New Insight into Ricin Toxicity

Dear Colleague,

Ricin, one of the most potent protein-based toxins in nature, belongs to the Type II group of ribosome-inactivating proteins (RIPs). Ricin is composed of two subunits: RTA and RTB. The binding subunit RTB is a galactose-specific lectin which promotes toxin attachment to the cell and retrograde trafficking from the plasma membrane to the trans-Golgi network. The enzymatic subunit RTA, an RNA N-glycosidase, mediates the depurination of a single adenine residue within the sarcin–ricin loop of eukaryotic ribosomal RNA and activates multiple stress-activated protein kinase networks and programmed cell death pathways.
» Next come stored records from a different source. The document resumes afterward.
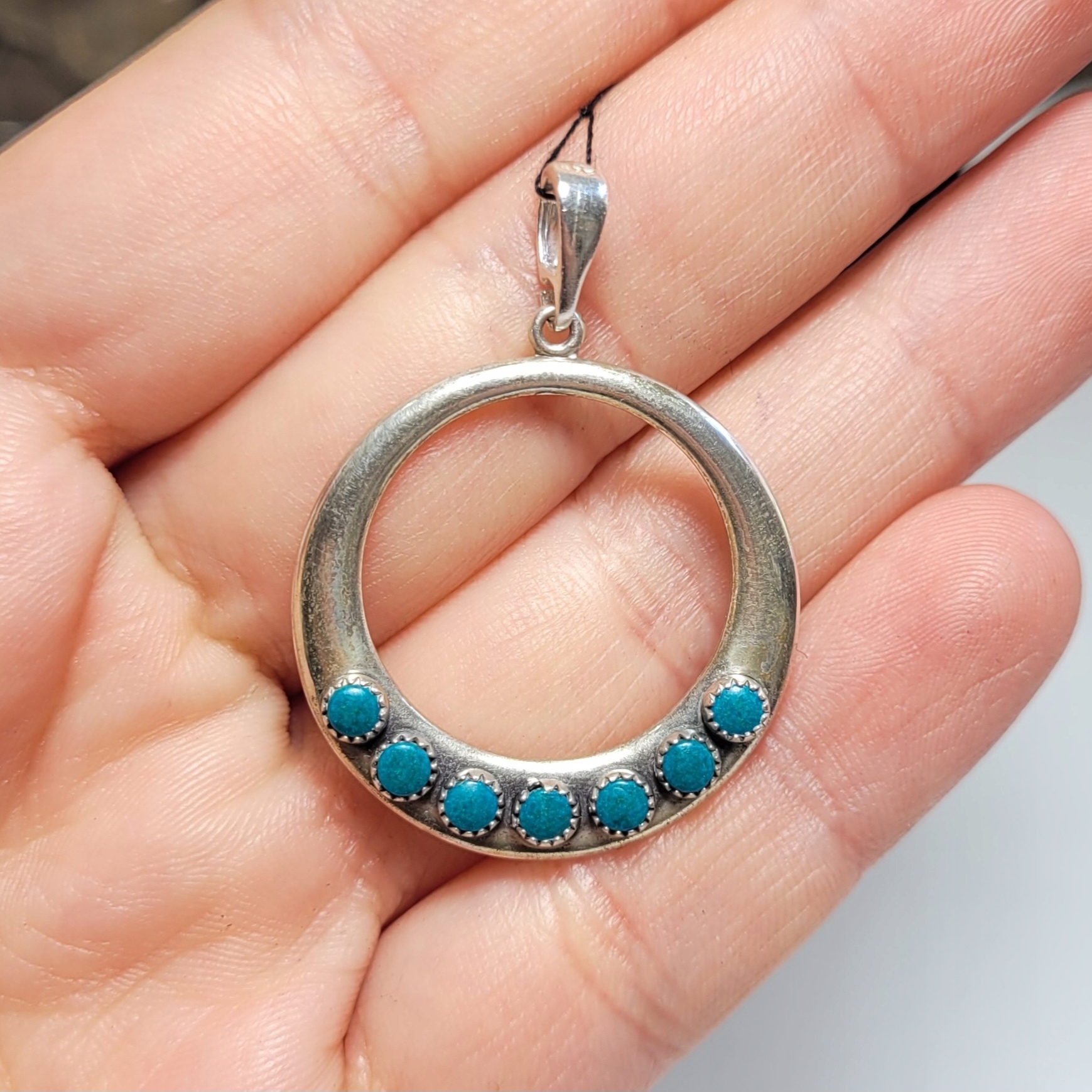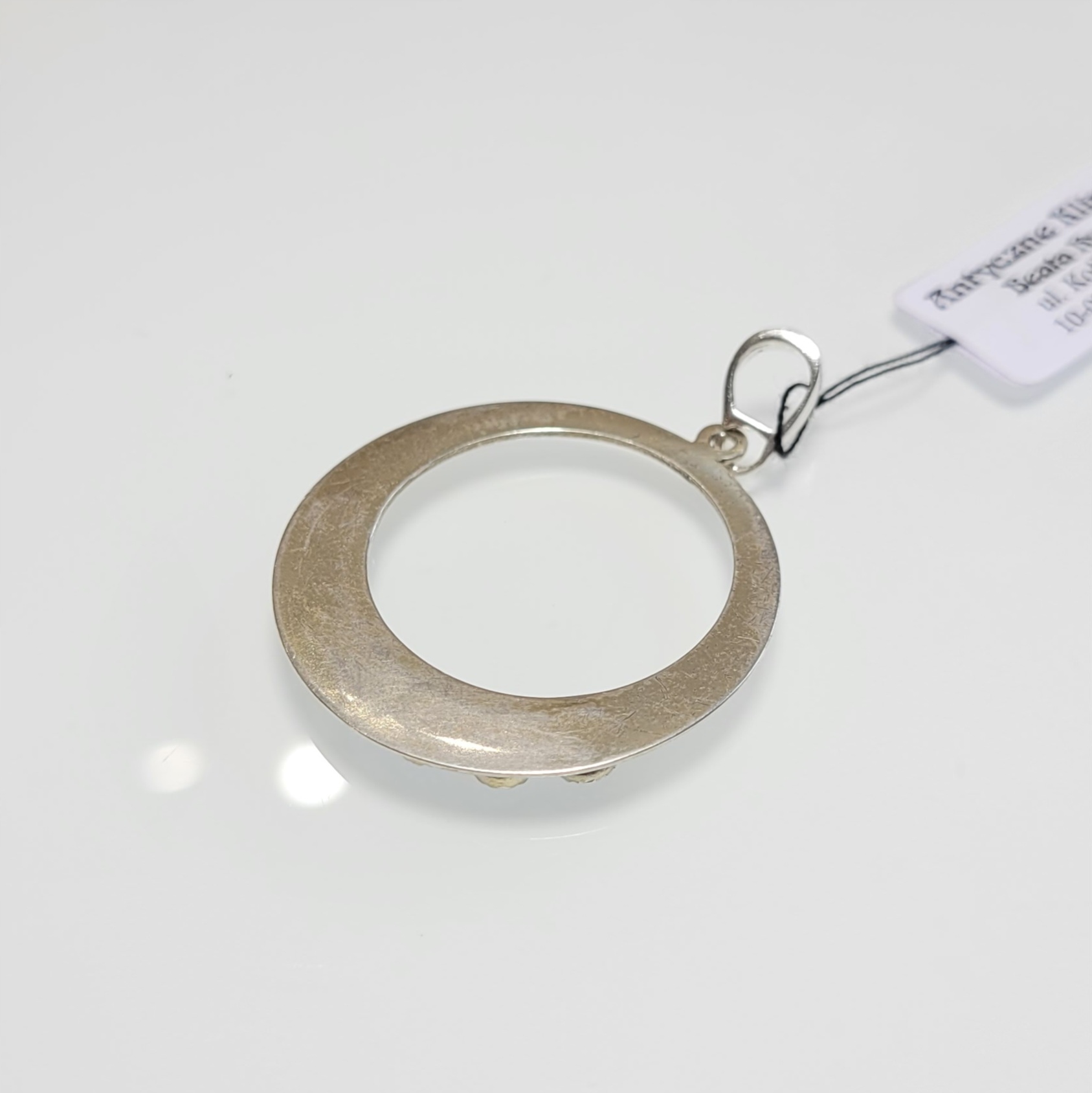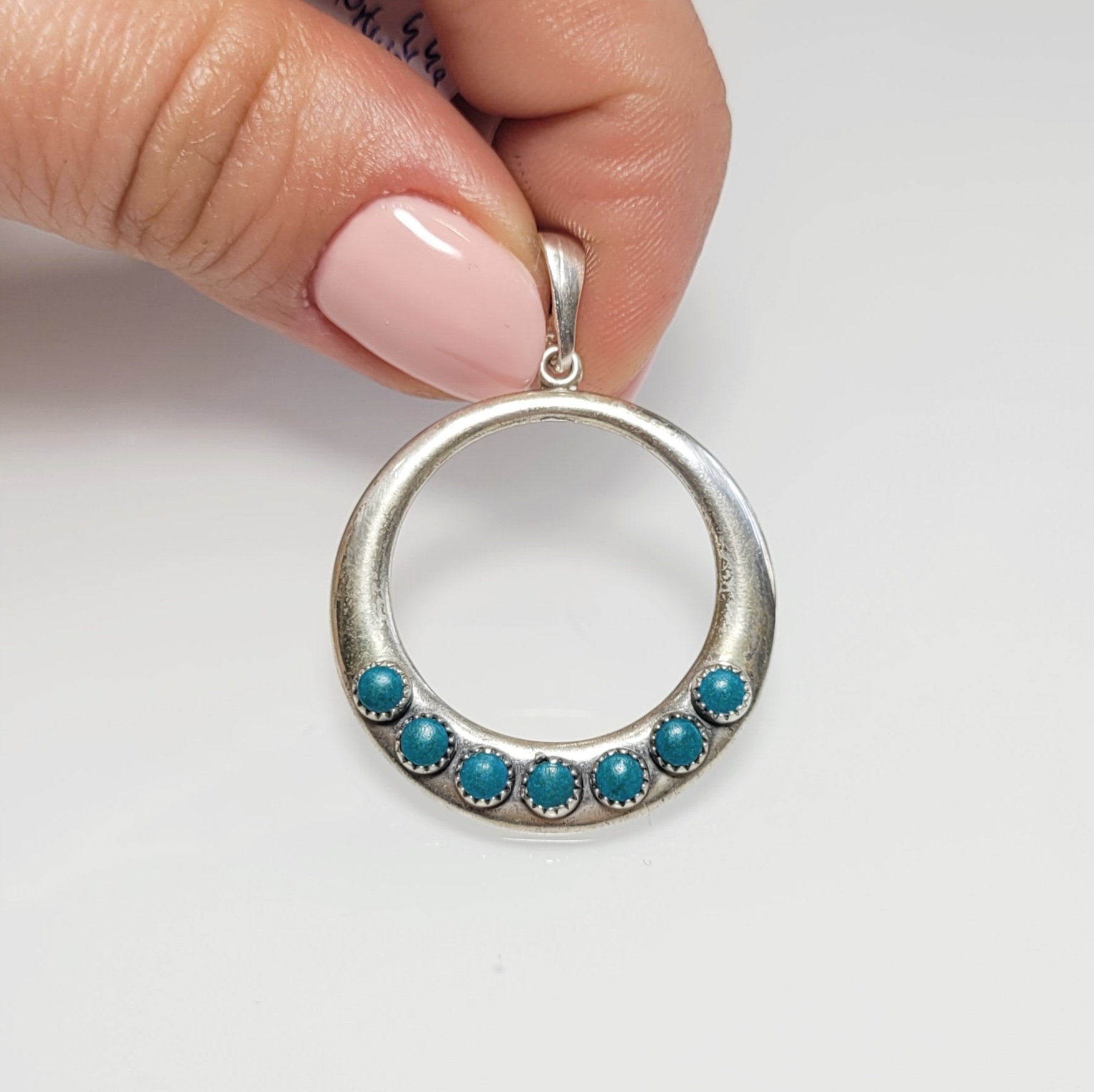 Srebrny, okrągły wisiorek, zdobiony turkusowymi kamieniami z masy jubilerskiej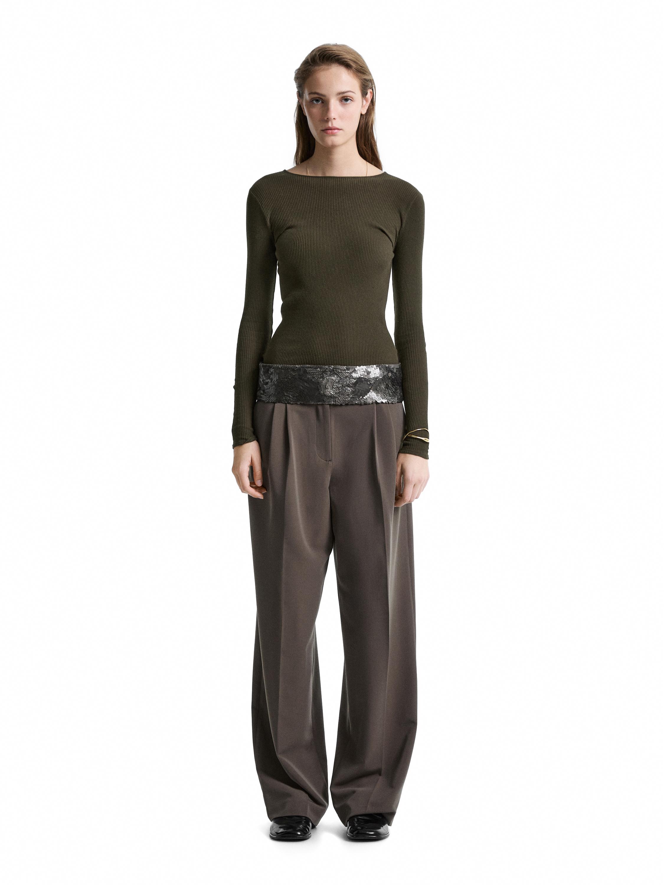 Strick-Shirt aus Gewebe mit Baumwolle. Rundausschnitt. Lange Ärmel. Rippenstrick-Gewebe.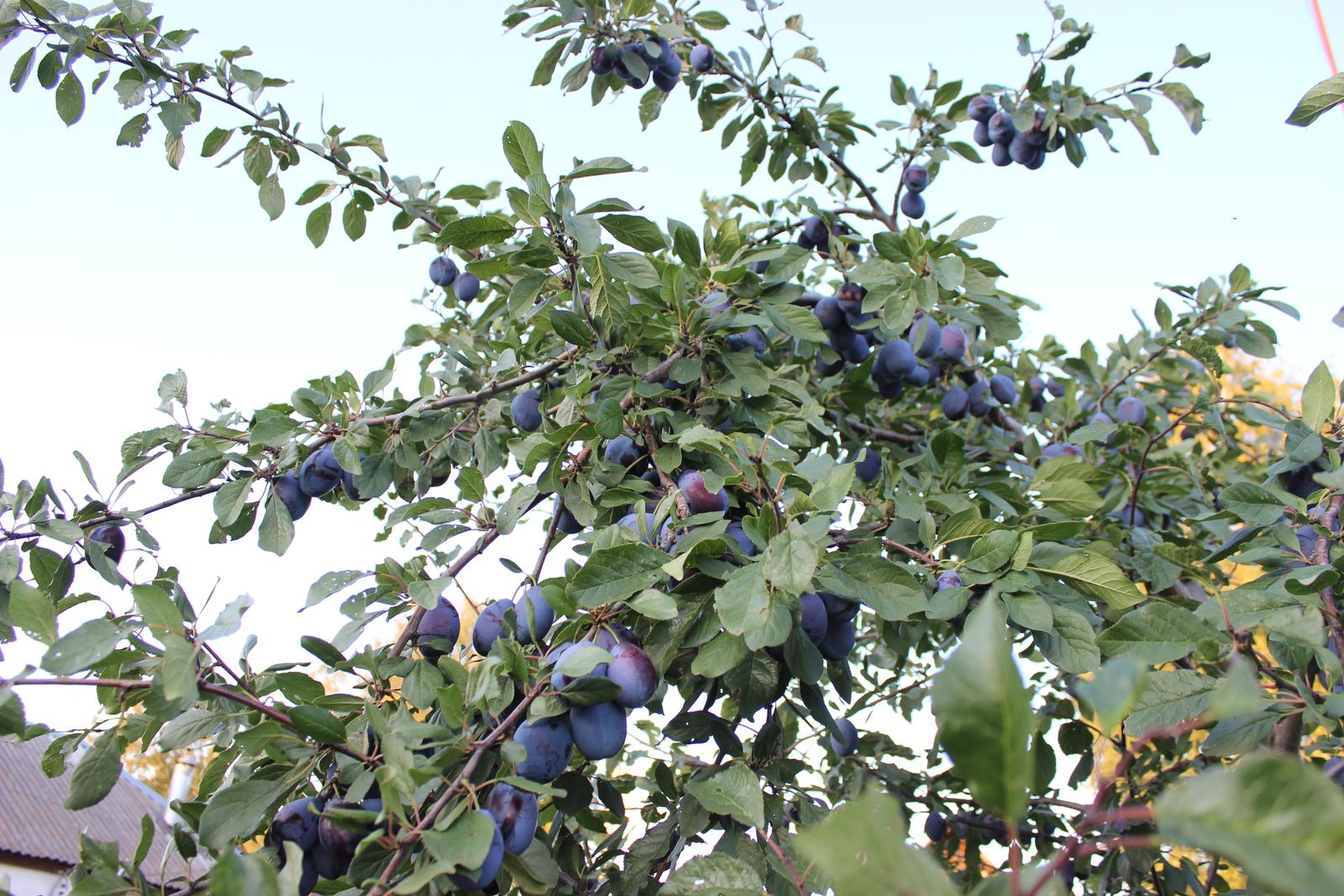Начал потихоньку собирать урожай сливы Стенли. Почему потихоньку? Во-первых, урожай большой сразу не переработаешь, во-вторых - созревание неодновременное. Некоторые сливы переспели и опадают, а большая часть держатся очень крепко.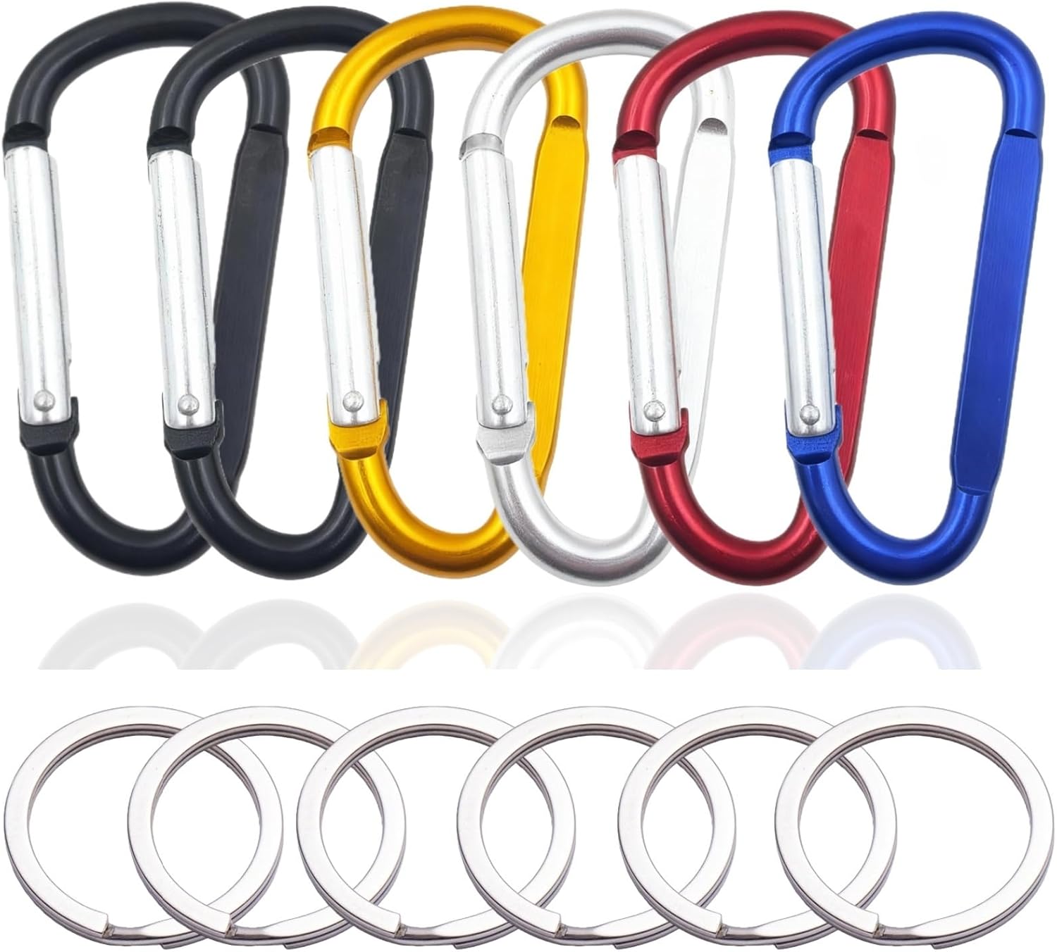 - 1. Complete Carabiner Set: This versatile set includes 6 large 3-inch D-ring carabiner clips and 6 silver key rings, perfect for organizing your everyday essentials. The pack features 2 black, 1 silver, 1 gold, 1 blue, and 1 red carabiner, offering stylish options for your gear.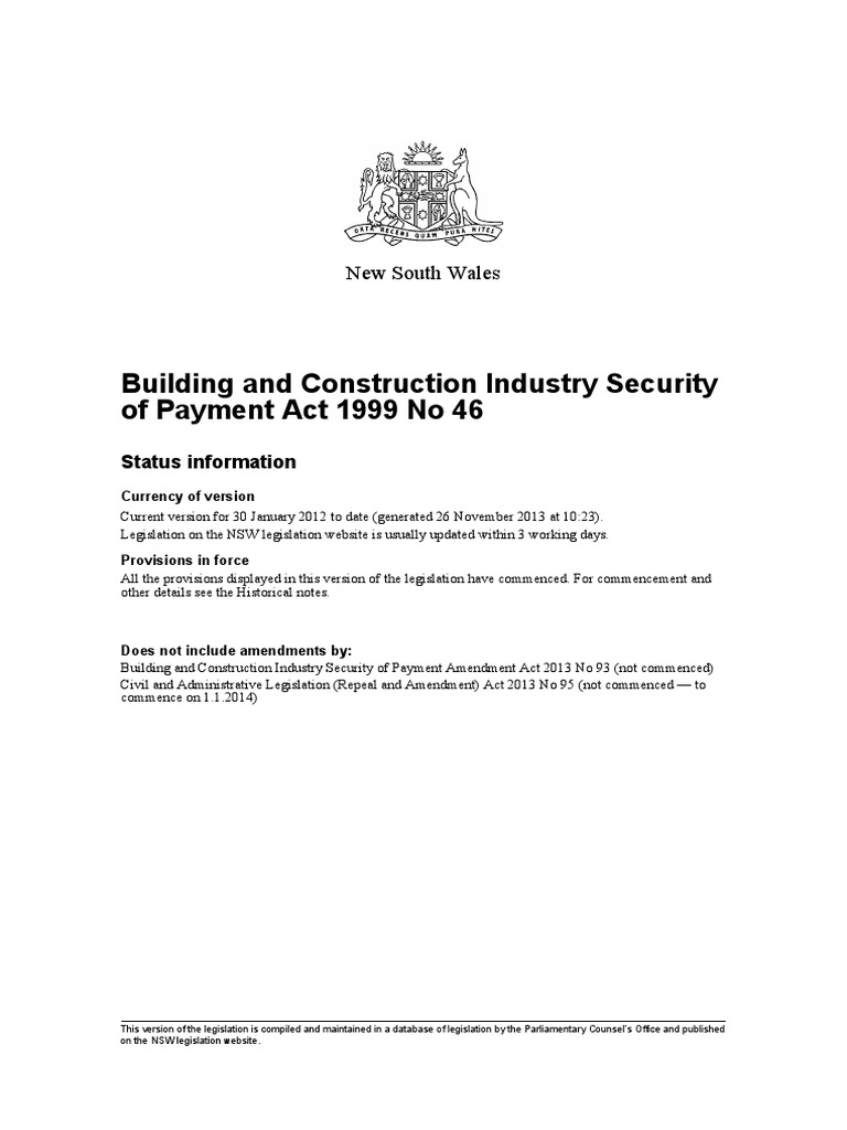Building and Construction Industry Security of Payment Act 1999 No 46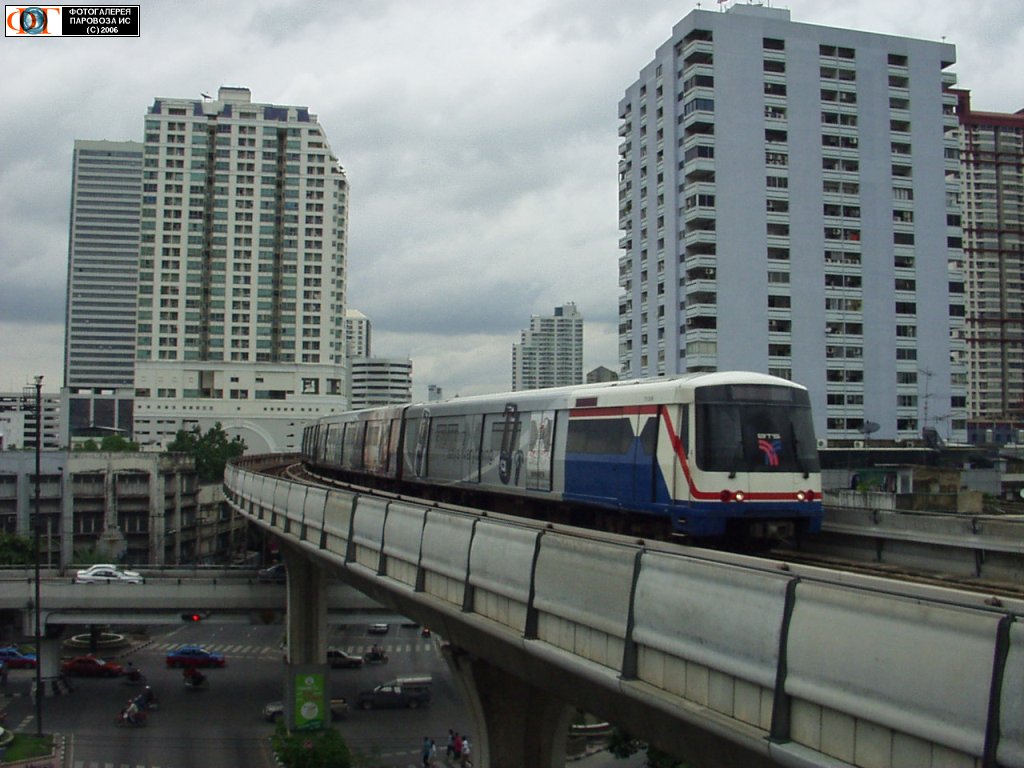 | Поезд "Скайтрейна" прибывает на станцию "Ратчатхеви", Бангкок, Таиланд Автор: Сергей Рублёв | Фото сделано 12.VIII.2005, опубликовано 27.XI.2006.

Although it is well documented that the ribosome represents the primary target for ricin, the underlying molecular basis of cytotoxicity and cellular malfunctions that lead to clinical symptoms remain poorly understood. The cytotoxicity of ricin is clearly related to a combination of effects, including ribotoxic stress, intracellular trafficking, ROS production, ER stress, JNK- and p38-dependent cascades, and activation of apoptosis, but their interdependence and relationship with depurination and translation inhibition has yet to be elucidated. The scope of this Special Issue will be centered on broad aspects of ricin toxicity and other RIP proteins, including the biology of ricin/RIPs, molecular action of the toxins, cell signaling in connection to toxicokinetics, pathophysiology, medical treatment, and all consequences of ricin/RIPs intoxication.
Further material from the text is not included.